The point-and-click interface can be used to view the information in a variety of formats. The user can zoom in and out on images and adjust brightness and contrast. Images captured at different visits can be compared. In addition to the data sorting and image manipulation features, the application enables the user to add notes or audible dictation to an exam or image, which can be shared and responded to.
The company plans to introduce an advanced version of EyeRoute Mobile designed specifically for the iPad, which it sees as an ideal technology for the paperless, ultra-efficient office. Other upgrades to EyeRoute Mobile, such as the inclusion of voicerecognition software, are in the works as well.
Using the EyeRoute Mobile application, optometrists who have incorporated Topcon's EyeRoute Image Management System into their practices can securely access all of their patient images and reports from the iPhone, iPod touch or iPad.
Future technology will allow users to manipulate data on multi-touch tables or wall monitors, using hand and finger gestures such as pinching, dragging and tapping.
Topcon's vision for the future also includes providing eye doctors with the ability to utilize the multi-touch technology that is quickly making its way into the mainstream.

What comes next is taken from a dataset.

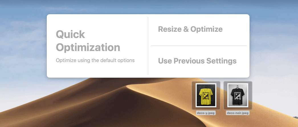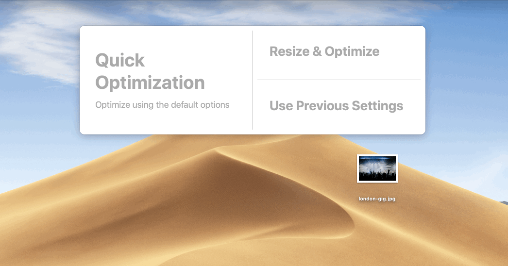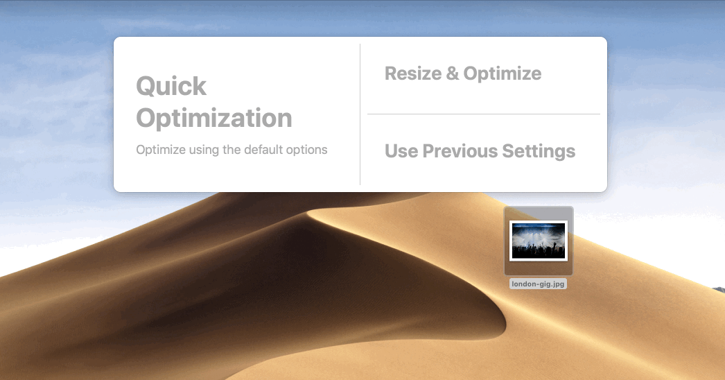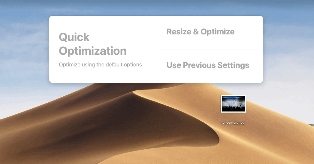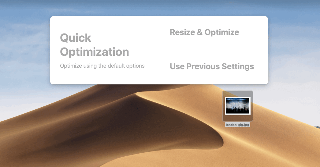 Unlike online tools, there are no limits to the size of the files you optimize and processing occurs as soon as you hit go – no uploading necessary.
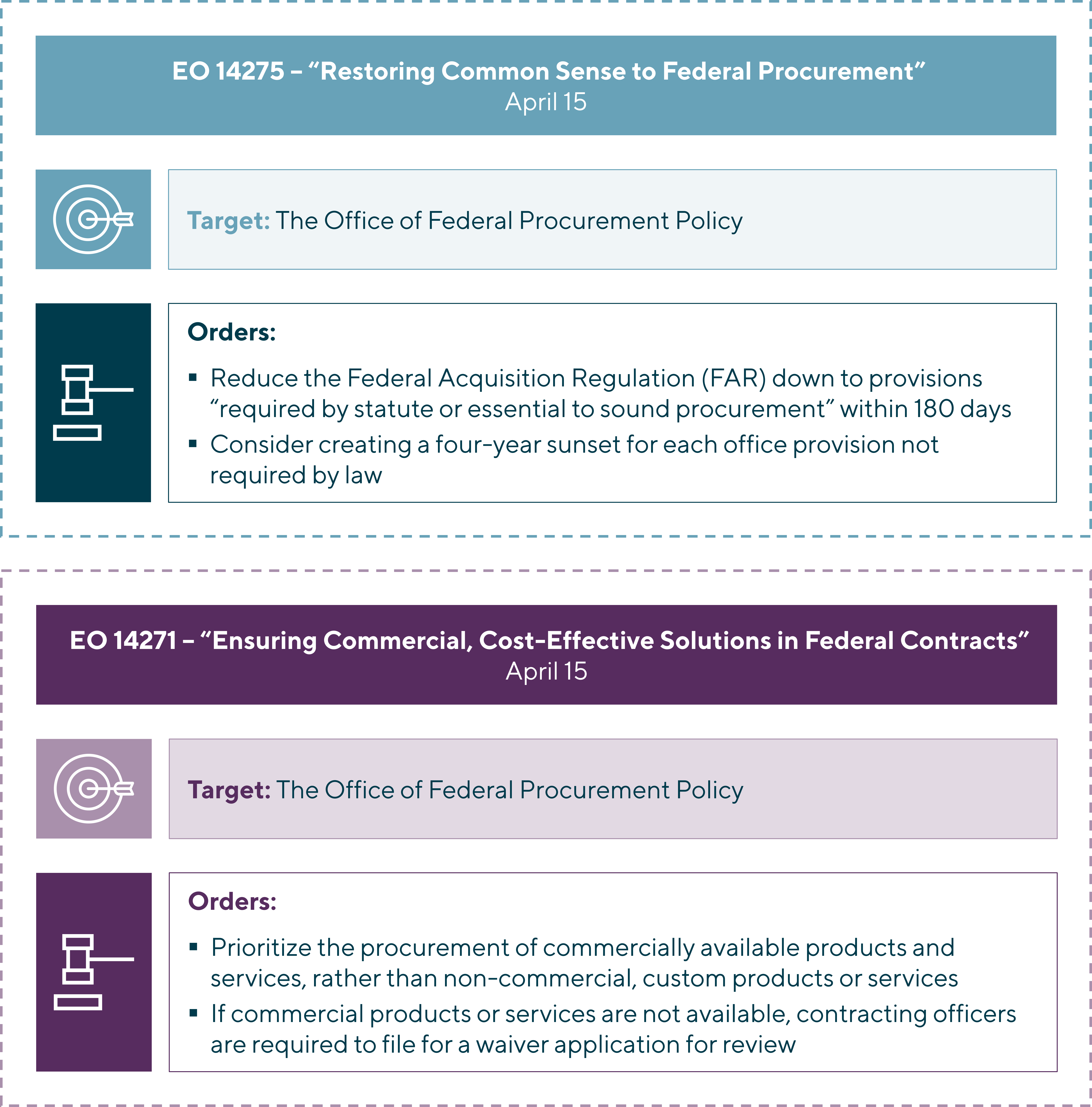 On April 10, Defense Secretary Pete Hegseth issued a memo terminating four IT services contracts worth $5.1 billion, about 0.61% of the current defense budget. The move comes as the department aims to shrink its civilian workforce by roughly 60,000 jobs. Less than a week later, the White House issued two executive orders (EOs) designed to “create the most agile, effective, and efficient procurement system possible” simplifying the annual government procurement of nearly $1 trillion of goods and services. Most recently, in late April, Secretary Hegseth directed the U.S. Army to implement a comprehensive transformation strategy that seeks to, in part, eliminate redundancies and waste, reform the acquisition process and modernize inefficient defense contracts.

Much like Tom Cruise in the "Minority Report" or Anderson Cooper on his CNN program "AC 360°," doctors would be able to call up and manipulate data on multi-touch tables or wall monitors using hand and finger gestures such as pinching, dragging and tapping. At the 2009 meeting of the American Academy of Ophthalmology, the company turned heads with the multi-touch demonstration at its booth. Representatives provided a preview of potential uses, such as the ability to instantly overlay an ETDRS grid on a retinal image and then display it on a large video wall.
Topcon offers doctors a variety of ways to take advantage of its data management and interaction technologies. EyeRoute, for example, can be cloud-computing based or locally hosted. The technology solutions are scalable to the needs of any size practice, and options are available at a variety of price points.